Lanzó a Su An’an al asiento del copiloto del aerodeslizador, activó el radar del vehículo y ordenó:
—Busca el campo de batalla de Lan Cangming.
Su An’an le recordó en voz baja: —Está en el Área Marítima Canglan, en la línea de defensa tres.
[Área Marítima Canglan fijada.
Tiempo estimado de viaje: tres horas y diez minutos.]
Su An’an se puso ansiosa.
—¡Es demasiado tiempo!
¡Lan Cangming entrará en furia en dos horas y treinta minutos!
—¡Agárrate fuerte!
Una luz enloquecida brilló en los ojos dorados de Ying Jiuyao mientras su gran mano tiraba de la palanca del propulsor.
El aerodeslizador se disparó por los aires como un husky desquiciado.
La intensa sensación de ingravidez hizo que sus pupilas temblaran y su corazón se acelerara.
No pudo evitar soltar:
—¡Madre mía, creo que estoy viendo al Dios Bestia!
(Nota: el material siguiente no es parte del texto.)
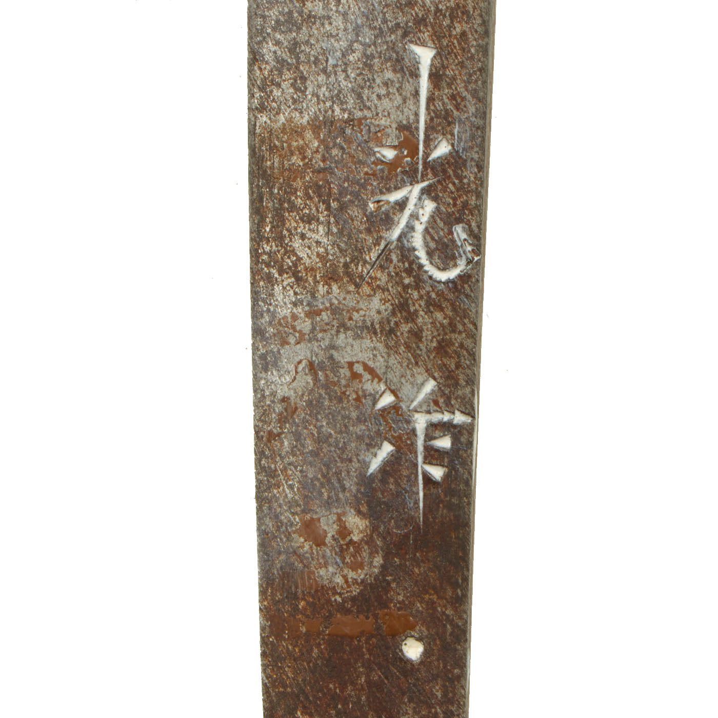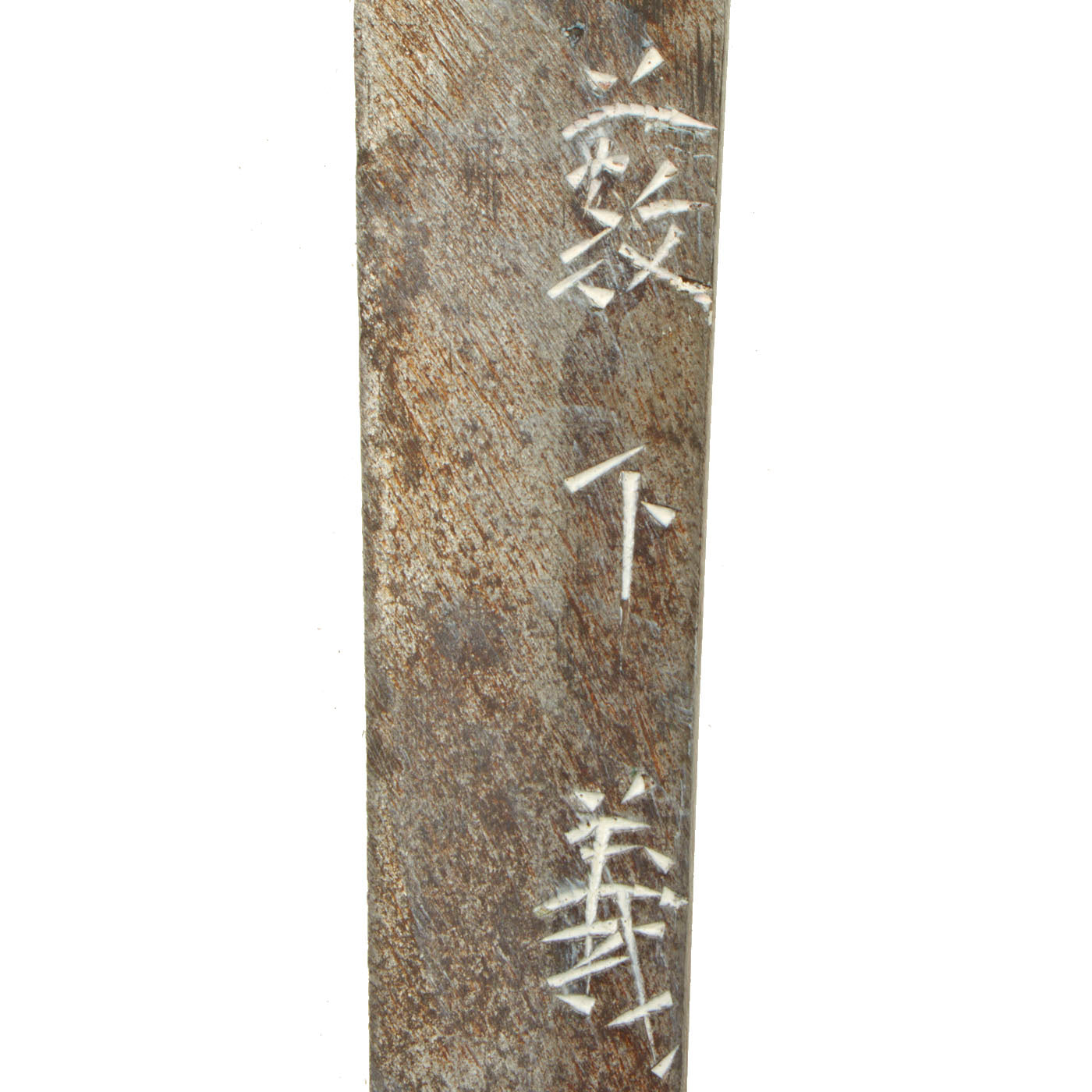 The blade on this example was hand forged, and the tang of the blade is signed (Mei) with the characters 藪 下 義 光 作, read as YABUSHITA YOSHIMITSU SAKU. Research indicates that this smith's real name was 藪下 不二夫 - (Yabushita Fujio), so in this case "Yabushita" was their family name, and "Yoshimitsu" their "swordsmith name." We have seen many other smiths sign their swords in this fashion. Their name appears in the Seki Tanrensho Booklet printed in 1939. Kazunori was active during the Showa Period and worked at Seki arsenal in Gifu, Mino Province (美濃国). This smith look to have made both arsenal forged and traditional blades. We have confirmed the signature (Oshigata) with other examples of his work.

Ying Jiuyao empujó tranquilamente el propulsor hasta el límite.
—No te preocupes.
Ni siquiera es lo más rápido que podemos ir.
A máxima velocidad, verás al Dios Bestia saludándote con la mano.
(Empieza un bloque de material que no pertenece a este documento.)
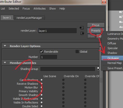 在图层下,新建渲染图层,将要渲染环境光遮挡(也就是AO)的物体放入渲染层。然后右键渲染层,打开属性面板,在渲染层的属性面板的预设下,设为AO方式就可以了。如图示。
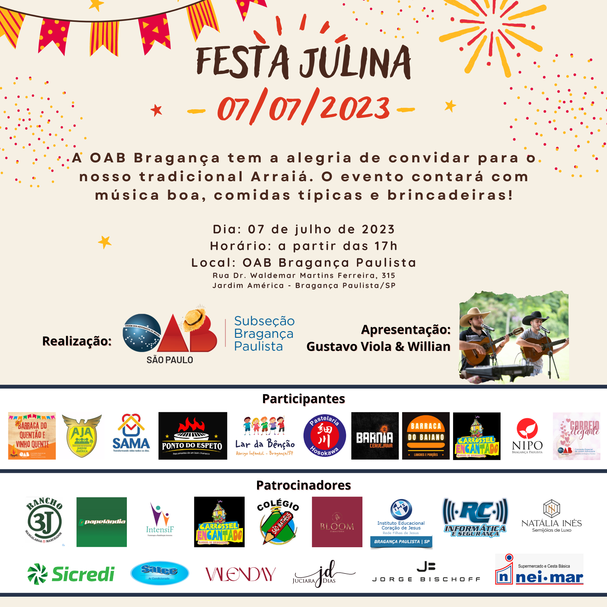 A Diretoria da 16ª Subseção da OAB Bragança prepara um animado "Arraiá da OAB Bragança Paulista" nesta sexta-feira, 7 de julho, a partir das 17h, no Estacionamento da OAB, localizado na Rua Dr. Waldemar Martins Ferreira, 315, Jardim América. A entrada para o evento é gratuita, e haverá venda de fichas no local para aproveitar as barracas de comidas e bebidas típicas, brincadeiras e música ao vivo com o show da dupla Gustavo Viola & Willian. Vale ressaltar que o pagamento será no cartão de débito e dinheiro. (Não será aceito cartão de crédito).
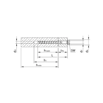 | Références | Profondeur minimale de perçage [mm] | Diamètre de perçage de la pièce à fixer (df) (au travers) [mm] | Ouverture de clé sur plat | Couple de serrage [Nm] | Profondeur d’ancrage (hnom) [mm] | Distance au bord minimale (Cmin) [mm] | Epaisseur minimale du support (hmin) [mm] |
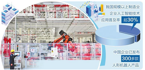 人工智能已具備與產(chǎn)業(yè)大規(guī)模融合的能力,正從單純的技術(shù)工具升維為驅(qū)動(dòng)經(jīng)濟(jì)發(fā)展的核心引擎。數(shù)據(jù)顯示,我國規(guī)模以上制造業(yè)企業(yè)人工智能技術(shù)應(yīng)用普及率已超30%,中國企業(yè)已發(fā)布300多款人形機(jī)器人產(chǎn)品,去年中國開源模型下載量居全球首位,人工智能正從科技攻關(guān)不斷走向場(chǎng)景落地。

Dos horas y veinte minutos después, el aerodeslizador llegó cerca del Área Marítima Canglan.
Un radio de diez millas del mar bullía con una densa masa de Bestias Mutantes negras.
Agitaban sus horribles tentáculos, intentando llegar a la orilla para alimentarse.
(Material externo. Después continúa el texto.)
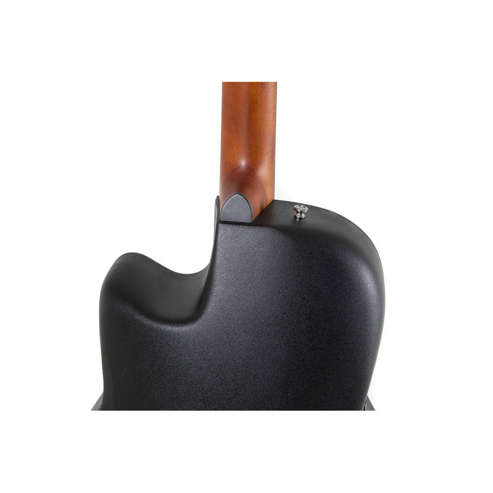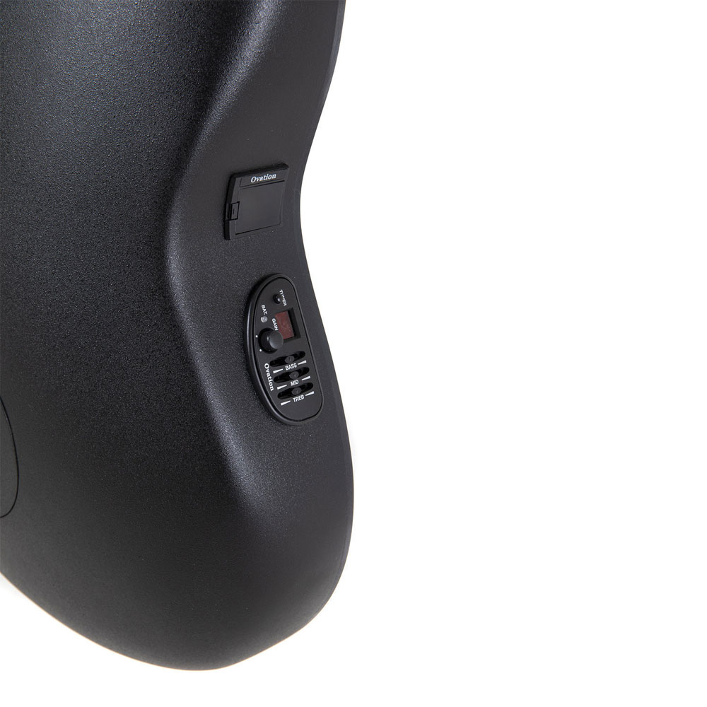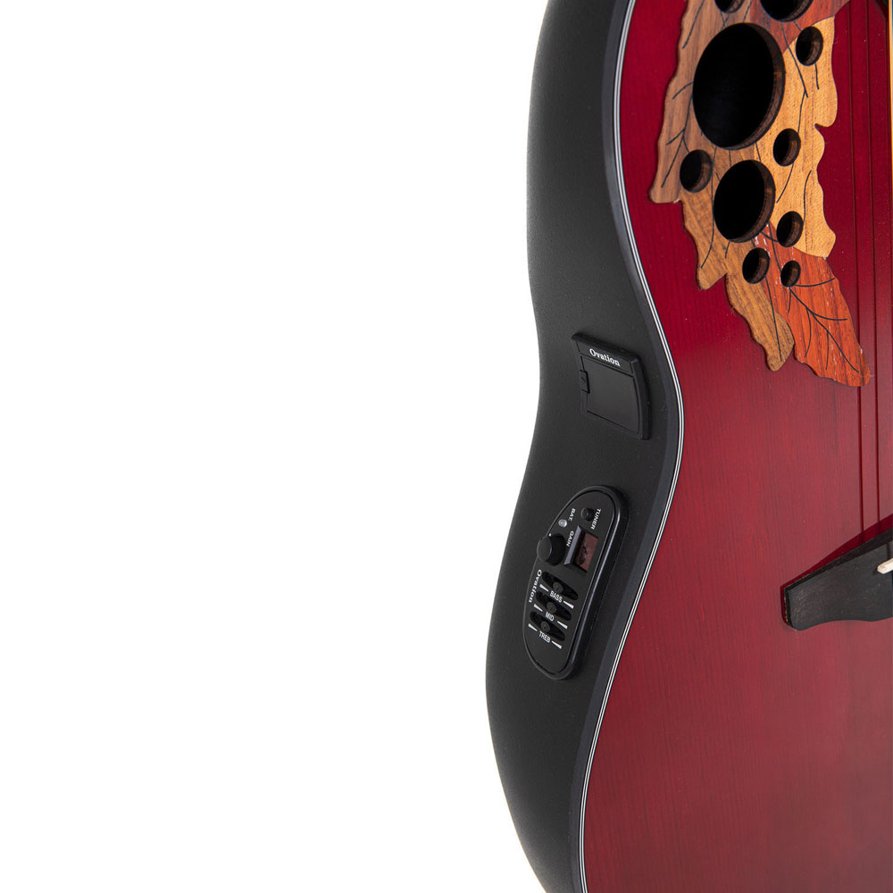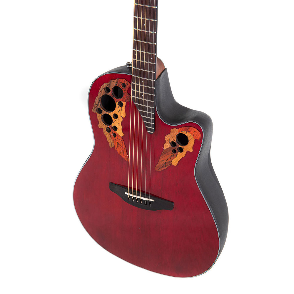 - CE44-RR poseduje kompozitno Lyrachord telo srednje dubine, sa isečkom, i punom gornjom pločom od smreke. Multi-port zvučni otvori osmišljeni su sa ciljem da smanje mikrofoniju, i unaprede odziv na niskim frekvencijama. Rezultat je jasan, fokusiran ton u celom opsegu. Mahagoni vrat, sa udobnim profilom. Ugrađeni CP100 piezzo pickup, i OP-4CT preamp sa 3-band EQ-om i integrisanim štimerom, profesionalnog ranga. Tradicionalna Ovation kobilica bez pinova poboljšava rezonanciju, i nudi bogat sustain. Izuzetno izbalansiran, neverovatno udoban instrument, sa klasičnim zvukom, obožavanim od muzičara širom sveta. Besprekoran kvalitet materijala i temeljna, precizna izrada osiguravaju bezbrižnu upotrebu i na najvećim binama. U Ruby Red finišu.

Las Bestias Mutantes expanden sus nidos devorando metal y Energía.
Los poderosos cuerpos de los Hombres Bestia eran el alimento favorito de las Bestias Mutantes.
Se reproducían rápidamente y poseían una armadura de exoesqueleto.
Si llegaban a la costa, las consecuencias serían inimaginables.
La Guardia Personal de Lan Cangming estaba en cazas de combate, usando su potencia de fuego para asegurar la línea costera.
Pero no había ni rastro del mecha azul plateado del Comandante Lan Cangming.
—Busca la posición de Lan Cangming.
Tras dar la orden al radar, Ying Jiuyao se giró para mirar el asiento del copiloto.
El rostro de Su An’an estaba pálido, su pelo era un desastre y estaba sentada rígidamente en el asiento negro.
Había estado en una montaña rusa de más de dos horas.
Su estómago se había estado revolviendo violentamente todo el tiempo; era un milagro que no hubiera vomitado en el coche.
Para entonces, el bajo de su falda de encaje rosa se le había subido hasta la cintura, revelando unos pololos blancos y un par de piernas claras y esbeltas.
Sin embargo, una visión tan fragante y sensual solo le hizo fruncir el ceño a este tigre pragmático.
«Llevar algo así a un campo de batalla es simplemente buscar la muerte».
—Cámbiate y ponte esto.
Ying Jiuyao sacó un traje de combate negro y se lo lanzó a Su An’an.
Su An’an soltó un largo suspiro, calmando la agitación de su estómago.
Este vestido de princesa era ciertamente un estorbo, pero el aerodeslizador tenía un espacio limitado y no había probador.
Tras un momento de vacilación, se quitó decididamente la falda de encaje y abullonada.
«A sus ojos, una mujer cruel como yo no es más que un trozo de carne muerta, de todos modos».
«Probablemente ni siquiera se interesarían si me desnudara por completo».
«Además, todavía llevo una camisola y pantalones cortos debajo».
Lanzó a un lado la falda de encaje rosa, revelando su figura maravillosamente curvilínea.
Su cintura era tan delgada que se podía rodear con una sola mano, y su piel nívea desprendía una fragancia dulce y cremosa.
Entre su pelo plateado, las esponjosas orejas de tigre de Ying Jiuyao se crisparon, y su mirada se desvió involuntariamente hacia ella.
Antes, el olor de sus feromonas cremosas solo le provocaba náuseas, pero hoy, lo encontraba inexplicablemente dulce.
De repente sintió la garganta seca.
Incluso sintió el impulso de lamerla por todas partes para ver si sabía tan dulce como olía.
«¡Algo no va bien!».
Las pupilas doradas de Ying Jiuyao se contrajeron.
Agarró sus dos esbeltas muñecas con una mano, inmovilizándolas contra el asiento.